The view I have reached has implications both for diagnosis of hearing loss in individual cases, and for breach of duty at exposure under 85dB(A). The identification of particular noise levels has no part in the way that the Claimants put their case. However Mr Hendy QC recognised that if the court came to a conclusion about the degree of hearing loss expected at such noise levels, it might express that conclusion first, thereby in effect confining the case on liability to noise levels of 85dB(A) and above. I do come to such a conclusion, so that in an area where the hearing loss to be expected can be regarded as marginal, or minimal, or so small as not to be identifiable in individuals but only in a statistical sense there could in my view be no liability at common law for breach of duty in exposing employees at such levels.”

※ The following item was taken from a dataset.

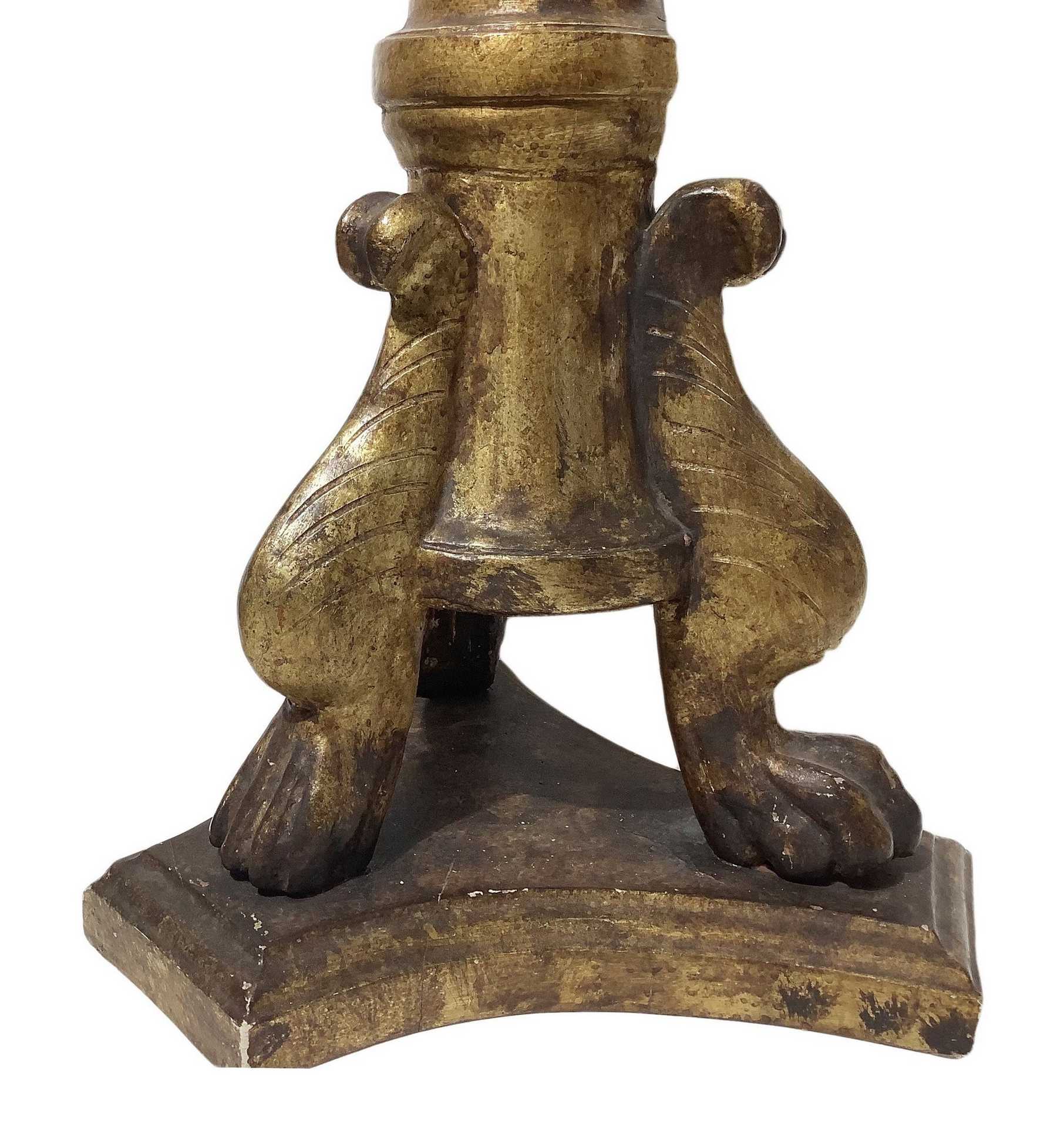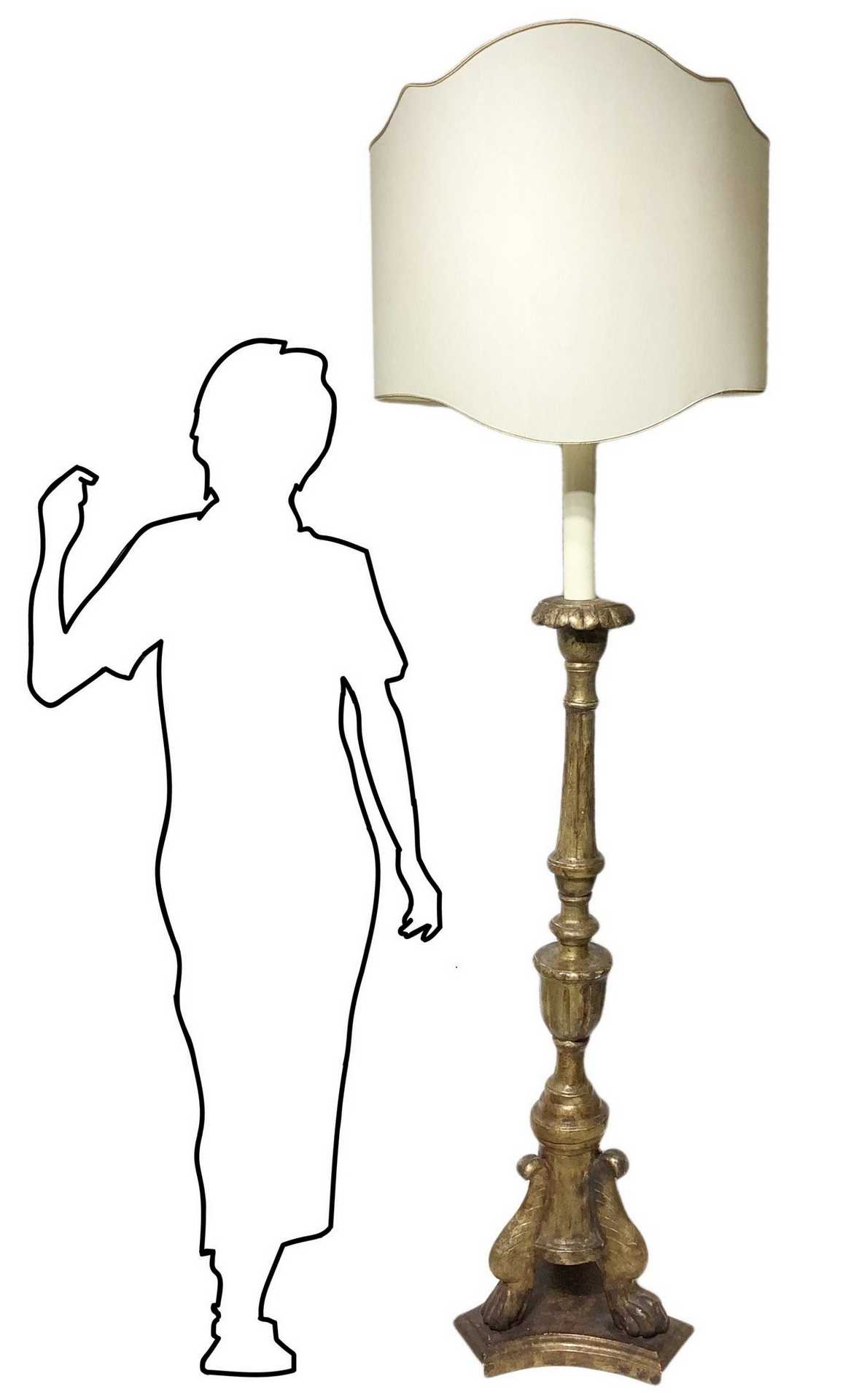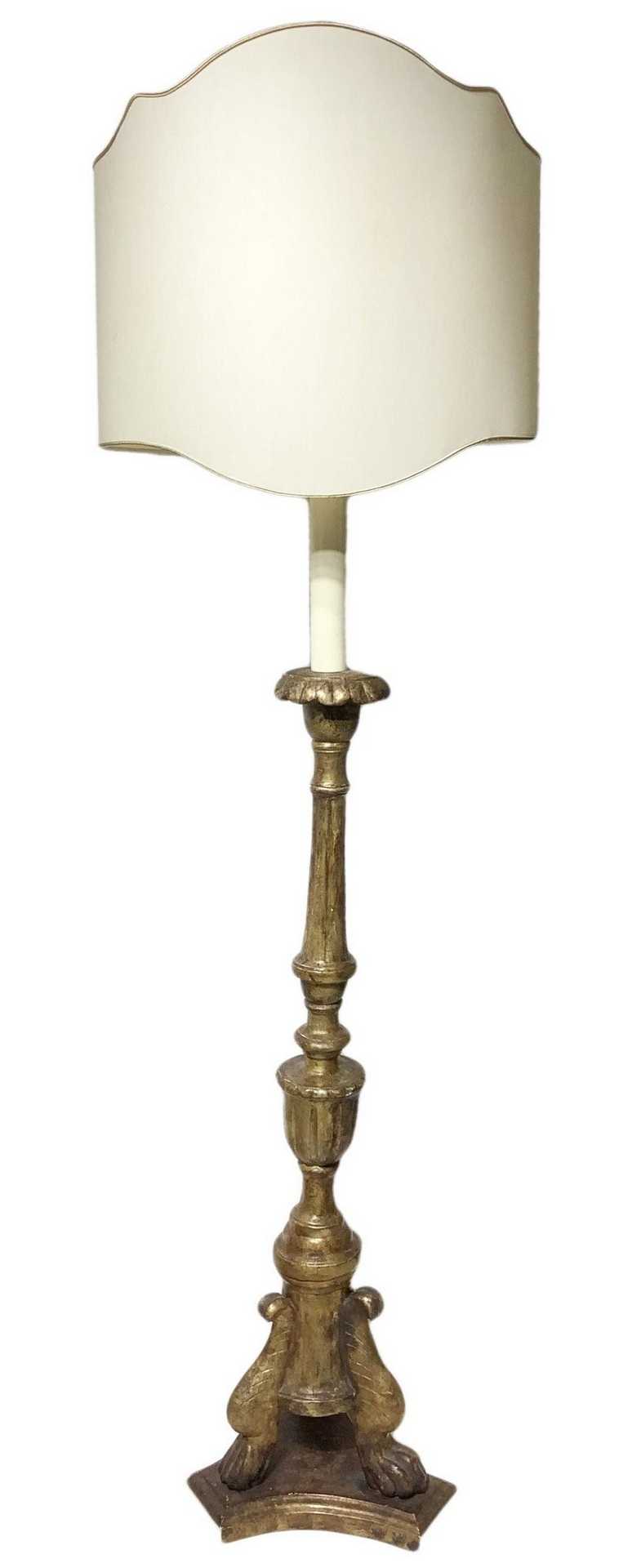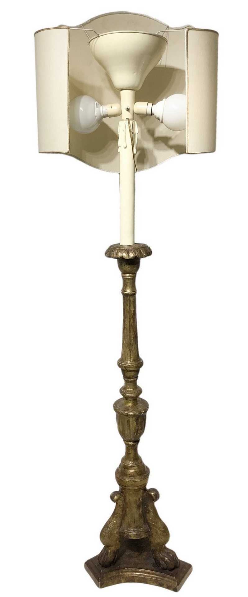 Candeliere da terra in legno dorato con paralume, 19° secolo

When the case was appealed to the Supreme Court, the Judge’s comments were noted (-):
“The statistically identified risks at levels between 80dB(A)LEP,d (currently, at least, identified with no risk) and 90dB(A)LEP,d do not enable any easy distinction to be drawn within that bracket, if the elimination of all statistical risk is taken as a criterion.
… the respondent did argue before the judge that 80dB(A)LEP,d was the only acceptable limit. But, despite this, the judge concluded that any risk below 85dB(A)LEP,d was minimal (para 26), and that the risk between 85dB(A)LEP,d and 90dB(A)LEP,d was at the relevant times an acceptable risk for reasonable employers without greater than average knowledge to take. The judge, correctly, did not resolve the issues before him by considering statistical extrapolations at low levels of exposure, but by forming a judgment on the whole of the expert, documentary and factual evidence adduced before him.”
There are, of course, “cut offs” within the statutory regulations governing occupational noise exposure. The Noise at Work Regulations 1989 (in force from 1 January 1990 to 5 April 2006) introduced two “action levels” (reg 2) of 85dB(A) (“the first action level”) and 90dB(A) (“the second action level”) to frame the duties owed by employers to their employees. They imposed a duty on employers, where employees had a daily personal noise exposure at or in excess of 85dB(A), to take steps including providing employees with hearing protection upon their request (reg 8).
The Control of Noise at Work Regulations 2005 came into force on 6 April 2006, changing and reducing the action levels to a daily or weekly personal exposure of 80dB(A) and peak sound pressure of 135dB(C) (“the lower exposure action value”) and 85dB(A) and peak sound pressure of 137dB(C) (“the upper exposure action value”). The result is that employers since have been under a duty, where employees have a personal daily or weekly personal noise exposure at/in excess of 80dB(A) to, provide hearing protection upon their request: for employees with a personal daily or weekly personal noise exposure at/in excess of 85dB(A), hearing protection must be provided (reg 7).
The current noise regulations reflect the known risk of damage to hearing from personal daily/weekly noise exposures at or in excess of 85dB(A) but reflect the uncertainty of risk to hearing from personal daily/weekly noise exposures of 80-84dB(A), suggesting precautionary measures to be adopted in this range.
To disregard exposure to noise below 85dB(A) may well not reflect the true reality of risk of hearing damage between 80 and 85dB(A). However, as both papers’ authors recognise, the line must be drawn somewhere. Parliament and the courts are well used to drawing lines, which, in many cases, are far more arbitrary or ill-justified than the evidence-based approach of disregarding noise exposure below 85dB(A) when performing calculations to ascertain the presence of NIHL.